■ Work task
Pictures in the data should be dropped; transcribe exactly the lines from the one that has "Preses konstrukcija ir" through the one that has "- Bai, H.-Z.".
### Dataset excerpts
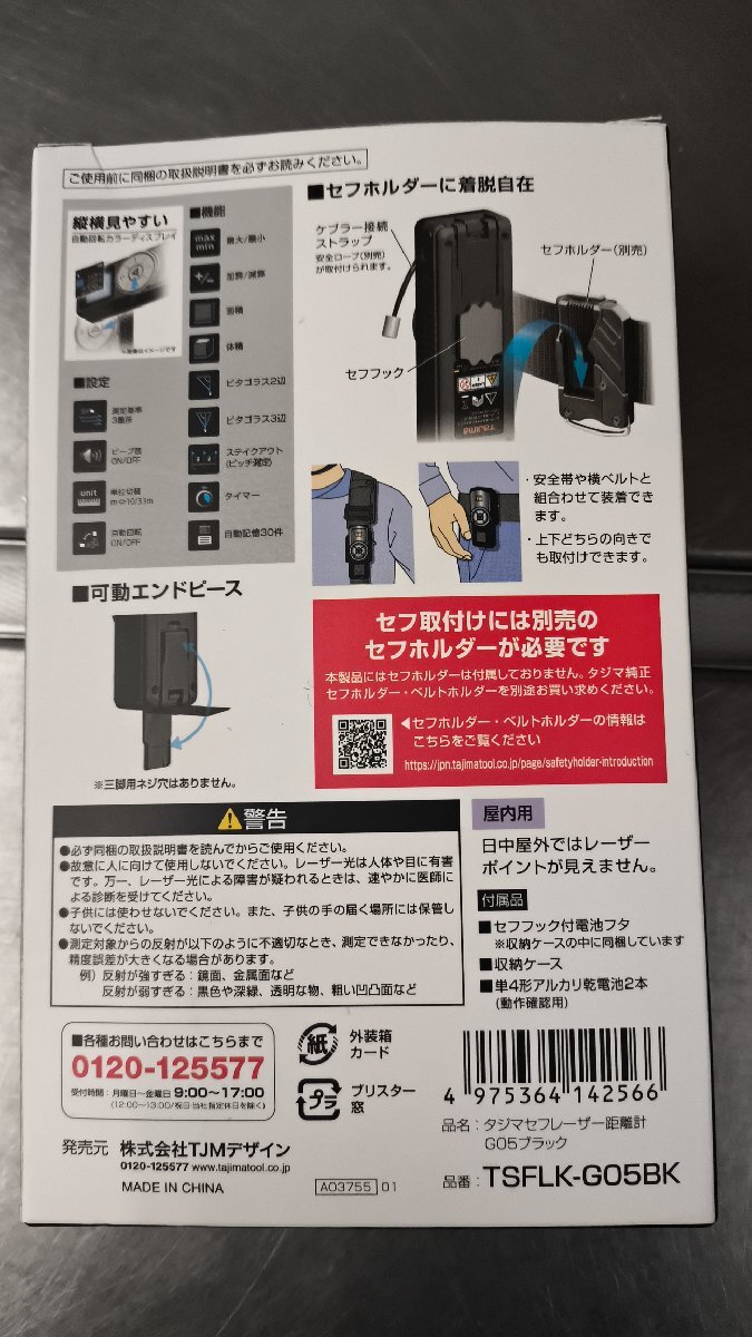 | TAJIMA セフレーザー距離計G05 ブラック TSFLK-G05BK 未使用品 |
######
### Dataset excerpts
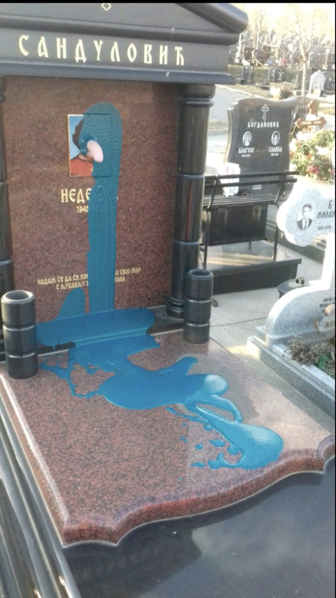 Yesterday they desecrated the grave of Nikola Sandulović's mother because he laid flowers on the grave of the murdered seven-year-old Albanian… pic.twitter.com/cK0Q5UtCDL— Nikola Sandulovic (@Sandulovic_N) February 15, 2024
######
### Dataset excerpts
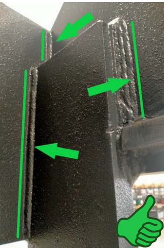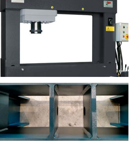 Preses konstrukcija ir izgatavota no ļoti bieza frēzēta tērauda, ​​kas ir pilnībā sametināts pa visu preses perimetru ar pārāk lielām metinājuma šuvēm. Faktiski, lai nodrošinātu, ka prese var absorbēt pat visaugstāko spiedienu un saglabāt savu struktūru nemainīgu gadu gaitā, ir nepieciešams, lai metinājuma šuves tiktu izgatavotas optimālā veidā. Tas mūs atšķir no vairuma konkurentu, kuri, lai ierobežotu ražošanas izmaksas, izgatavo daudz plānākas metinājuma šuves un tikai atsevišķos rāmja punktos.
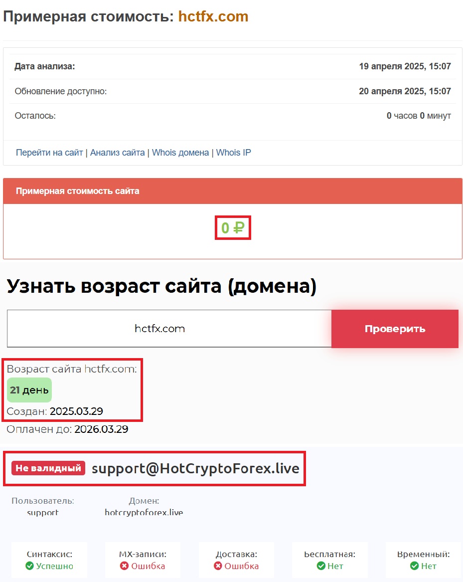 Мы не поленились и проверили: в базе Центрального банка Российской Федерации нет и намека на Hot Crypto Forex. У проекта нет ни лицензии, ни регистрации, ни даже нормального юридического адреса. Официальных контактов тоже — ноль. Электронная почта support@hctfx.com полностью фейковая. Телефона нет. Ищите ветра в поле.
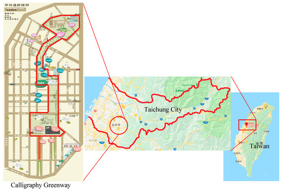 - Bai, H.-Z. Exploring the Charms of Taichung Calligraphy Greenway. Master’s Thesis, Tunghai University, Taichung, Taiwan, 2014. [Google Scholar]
######
■ Answer for the task
 Preses konstrukcija ir izgatavota no ļoti bieza frēzēta tērauda, ​​kas ir pilnībā sametināts pa visu preses perimetru ar pārāk lielām metinājuma šuvēm. Faktiski, lai nodrošinātu, ka prese var absorbēt pat visaugstāko spiedienu un saglabāt savu struktūru nemainīgu gadu gaitā, ir nepieciešams, lai metinājuma šuves tiktu izgatavotas optimālā veidā. Tas mūs atšķir no vairuma konkurentu, kuri, lai ierobežotu ražošanas izmaksas, izgatavo daudz plānākas metinājuma šuves un tikai atsevišķos rāmja punktos.
 Мы не поленились и проверили: в базе Центрального банка Российской Федерации нет и намека на Hot Crypto Forex. У проекта нет ни лицензии, ни регистрации, ни даже нормального юридического адреса. Официальных контактов тоже — ноль. Электронная почта support@hctfx.com полностью фейковая. Телефона нет. Ищите ветра в поле.
 - Bai, H.-Z. Exploring the Charms of Taichung Calligraphy Greenway. Master’s Thesis, Tunghai University, Taichung, Taiwan, 2014. [Google Scholar]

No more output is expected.